1. トップ
  2. 新着ニュース
  3. ライフ
  4. ライフ総合

医師も早合点「認知症は悪化していく」は間違い 治せる認知症だってあることを知っておこう

東洋経済オンライン / 2025年1月21日 7時0分

症状の変化に気づいた場合も、真っ先に「改善できる可能性」について考えましょう。

医療や介護のプロにも起こる「早合点」から身を守れ

数々の誤解・勘違い、そして早合点は、一般の人たちだけにあることではありません。いまはまだ、認知症の医療や介護に携わる人のなかにも、偏見をもっている人がいます。

それは人がこんなに長生きするようになったのが、この20、30年ほどのことで、認知症についていろいろなことがわかってきたのも最近だからです。
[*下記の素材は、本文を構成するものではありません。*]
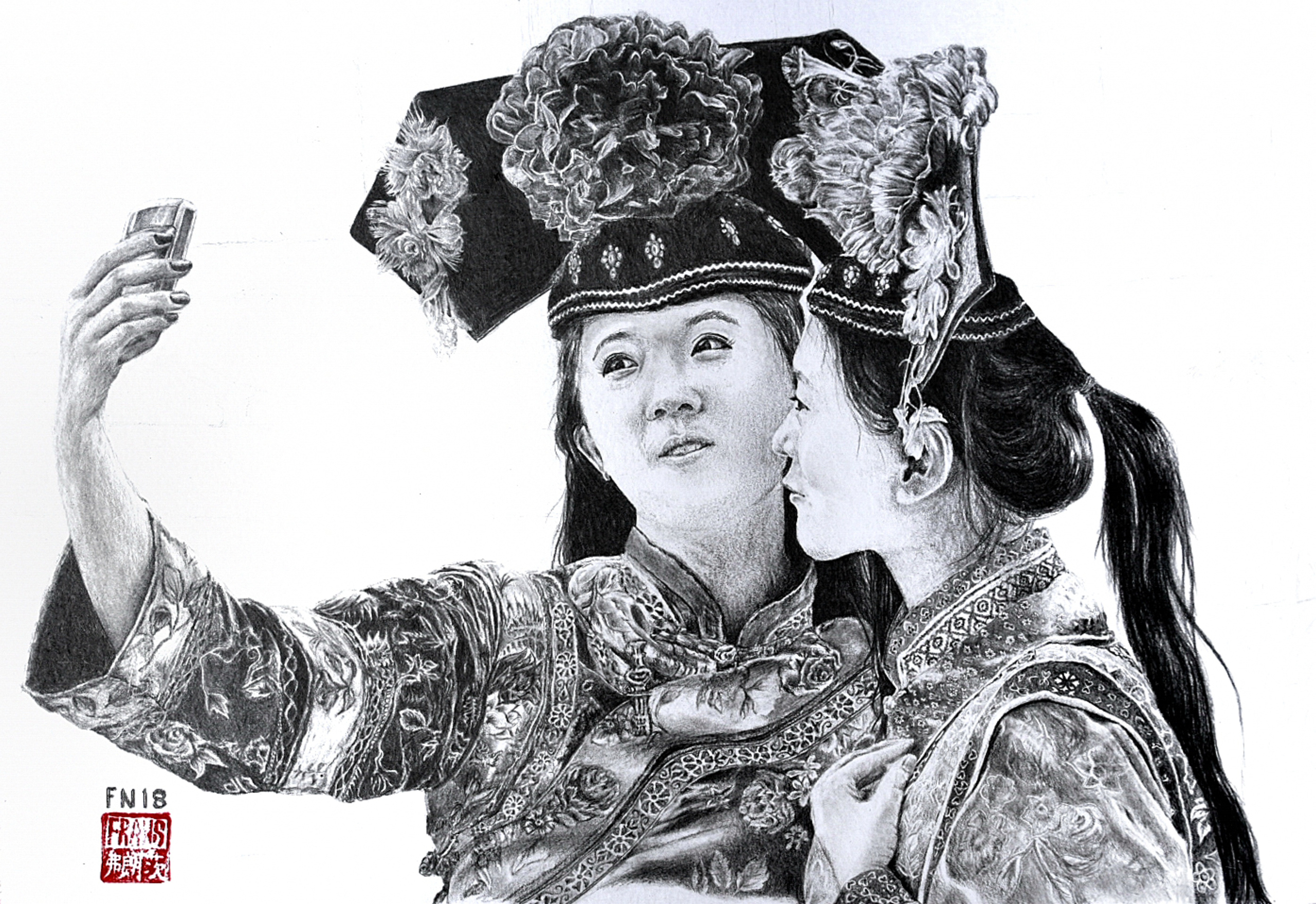 Met schilderen gaat het net als met fotografie, wat mij betreft, vooral om het verhaal. Tijdens ons verblijf in China had ik een grote serie mooie foto's gemaakt. In de verboden stad in Beijing stonden een paar traditioneel geklede mooie meisjes in super fraaie kleding. In hun handen hadden zij een mobieltje. Dit vormde een erg leuk contrast. De tekeningen op de gewaden zijn een weelde om te maken.

認知症の診断や治療について学ぶ機会があまりなかった人も少なくないでしょう。

私が医者になったのは2003年でしたが、その翌年(2004年)12月から「痴呆」という言葉が認知症に改まりました。

とはいえ当時、患者さんに認知症の診断がついていると、病院で診てもらえないことがあるという状況もありました。

なぜならその頃の医療は「患者さんの病気を治し、社会復帰をめざす」もので、老化を診る医療教育は少なく、認知症の人の尊厳を守るといった意識も薄い時代でした。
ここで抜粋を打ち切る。